Many scientists look down on philosophy as mere question-posing and guesswork. But philosophy seems impossible to avoid when discussing certain problems in physics, especially those dealing with fundamental aspects of reality, such as cosmology and particle physics. In his entertaining talk, Davies referred to the old Hindu story of the Earth resting on the backs of four elephants, which in turn stand on a giant turtle. One is then faced with the question of what the turtle stands on.

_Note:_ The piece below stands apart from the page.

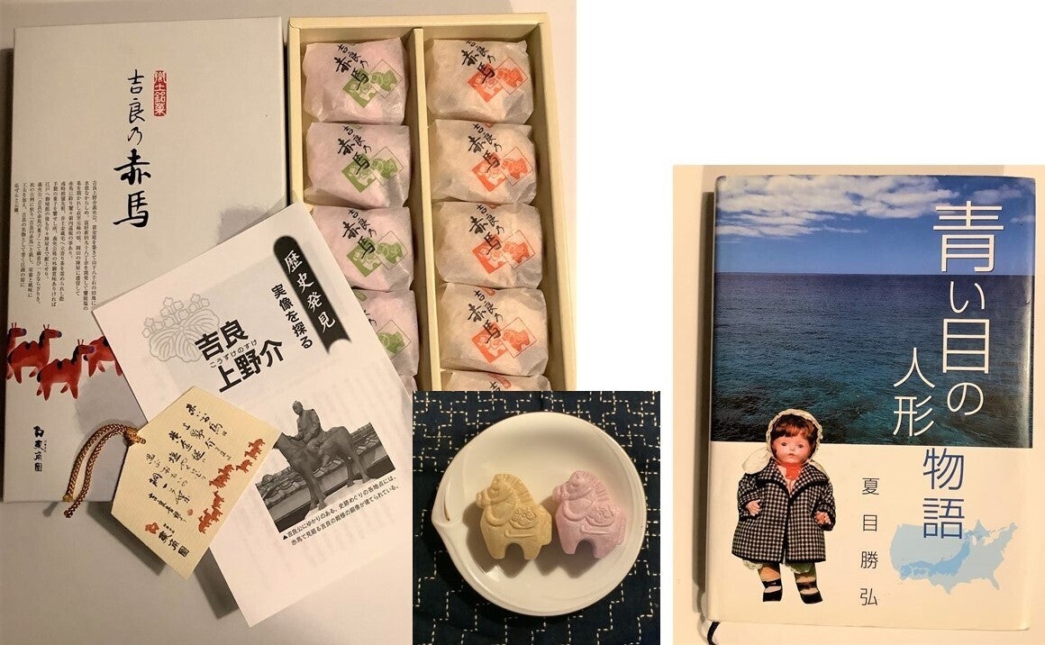●10,000円 お礼状、代表銘菓「吉良乃赤馬」最中(10個入 東角園)、『青い目の人形物語』夏目勝弘 成工社 出版部)、コンサート付展示会招待券(2名分)

Perhaps there is some kind of ultimate explanation down below, a Prime Cause – some kind of “super-turtle” that brings the chain of explanation to an end.
For many physicists, Davies said, the laws of physics themselves have served as such an explanation. But this view becomes problematic if the laws themselves change over time, or vary from region to region. Alternatively, there may simply be no ultimate explanation, he suggested, in which case one must accept an infinite regression of causes — "turtles all the way down.”
Not everyone is ready to embrace the idea of the multiverse. At one point, Perimeter Institute physicist John Moffat – known for his work on general relativity, Einstein’s theory of gravity – told the audience that the idea of multiple universes “has come up often in science fiction – and that’s where it belongs.” Imagining unseen universes “is not the kind of science we’ve been doing since Galileo,” he said.
Several presenters addressed whether the idea of the multiverse can ever be subjected to experimental testing. Lee Smolin, also from Perimeter, said that in certain versions of the multiverse picture, one could indeed make testable predictions. (Smolin supports an intriguing model in which black holes in one universe can give rise to new universes elsewhere, an idea he describes in his book The Life of the Cosmos.)
There was one “celebrity scientist” on hand – Columbia University physicist Brian Greene, author of The Elegant Universe and The Fabric of the Cosmos. Greene did not give a scientific talk at the conference, but he did deliver an engaging public lecture based on his new book: a children’s story called Icarus at the Edge of Time.
Dan Falk is a science journalist based in Toronto.